Task item
Exactly as written, write out the lines below from the first to the one containing "Få synliga beslag, mjuka", inclusive. Pictures do not belong in the copy.

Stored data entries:

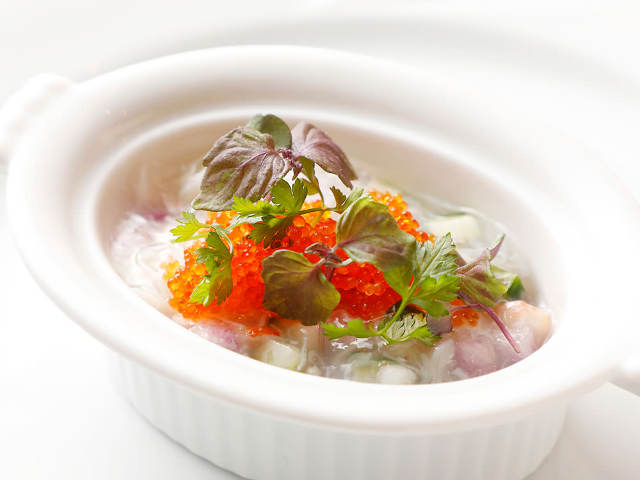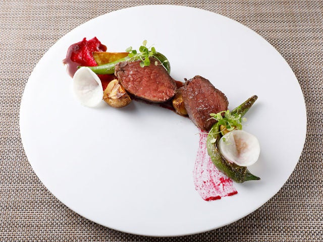 見た目にも美しい冷製茶碗蒸しは、オマール海老のダシがたっぷり効いたアメリケーヌソース、コクとうまみの強いブランド卵「恵壽卵(けいじゅらん)」、生クリームなどで作られる。まるでプリンのような、なめらか食感が心地よい。
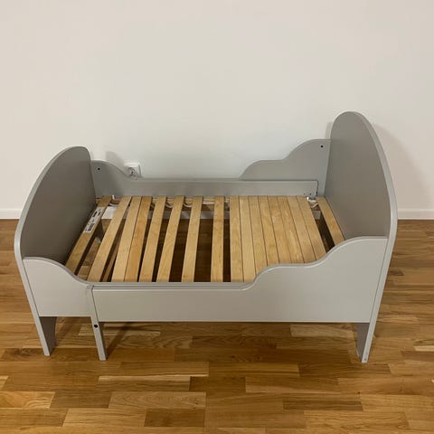 Få synliga beslag, mjuka kanter och urfrästa handtag gör sängstommen stilren och säker.
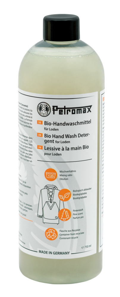 A Petromax Bio Hand Washing Agent egy biológiai koncentrátum Petromax Loden ruházat és más közönséges gyapjú textíliák tisztítására. Lehetővé teszi a szennyeződések és szagok mély hatású eltávolítását. A folyamat során a növényi és állati zsírok teljesen feloldódnak, miközben a gyapjúszálak nem károsodnak. Mosáskor az orrodat és a ruhádat fás fenyőillat kényezteti. A Petromax Bio kézmosót úgy tervezték, hogy fenntartható és környezetbarát legyen, mivel az összetevők teljesen biológiailag lebomlanak, a palack pedig újrahasznosított műanyagból készült.
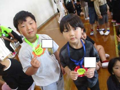 全校で心を込めて作ったメダルを、4年生が代表して1年生に渡しました。
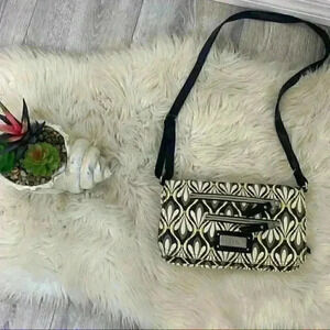 New without tags. In black/white/yellow. Faux-leather trim offers a contrast to the canvas construction. Magnetic snap closure. Adjustable crossbody shoulder strap. Exterior has three zippered pockets. Interior has zip pocket & slip pocket for your phone. Canvas/faux leather. Wallet and purse all in one.
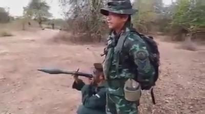 This is the moment a hopeless ISIS militant's attempt to shoot an RPG through a small hole in a wall
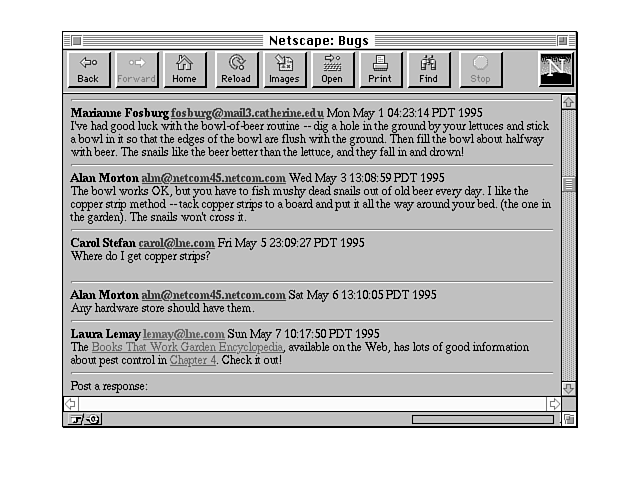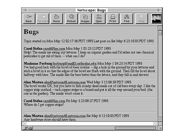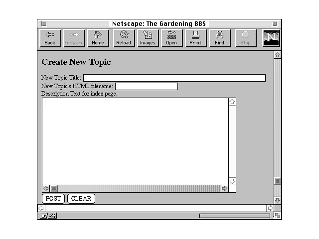 In this section, we'll look at a conferencing system that runs over the Web. This one is for a gardening BBS, in which the creator wants to foster communication about growing plants and trees and anything else that grows.
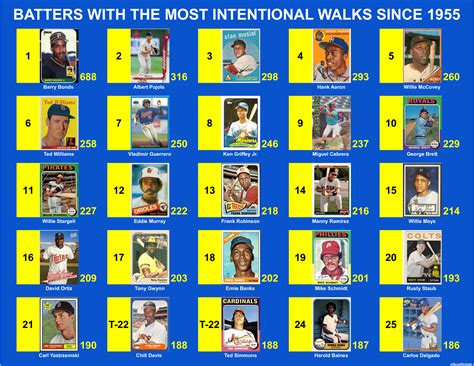 • Card Collecting’s Perspective: Discussions within the IIOSC community might center on players with high intentional walk totals, focusing on their career stats, their impact on the game, and whether their cards are more or less valuable based on their walk totals. Collecting brings a historical perspective.
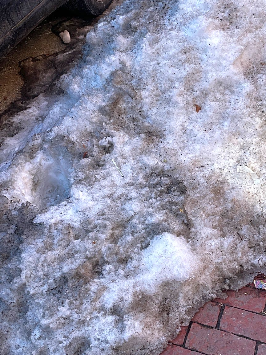 85 W Springfield St, Roxbury, Ma, 02118Needle in snow on sidewalk

Finished exercise
 見た目にも美しい冷製茶碗蒸しは、オマール海老のダシがたっぷり効いたアメリケーヌソース、コクとうまみの強いブランド卵「恵壽卵(けいじゅらん)」、生クリームなどで作られる。まるでプリンのような、なめらか食感が心地よい。
 Få synliga beslag, mjuka kanter och urfrästa handtag gör sängstommen stilren och säker.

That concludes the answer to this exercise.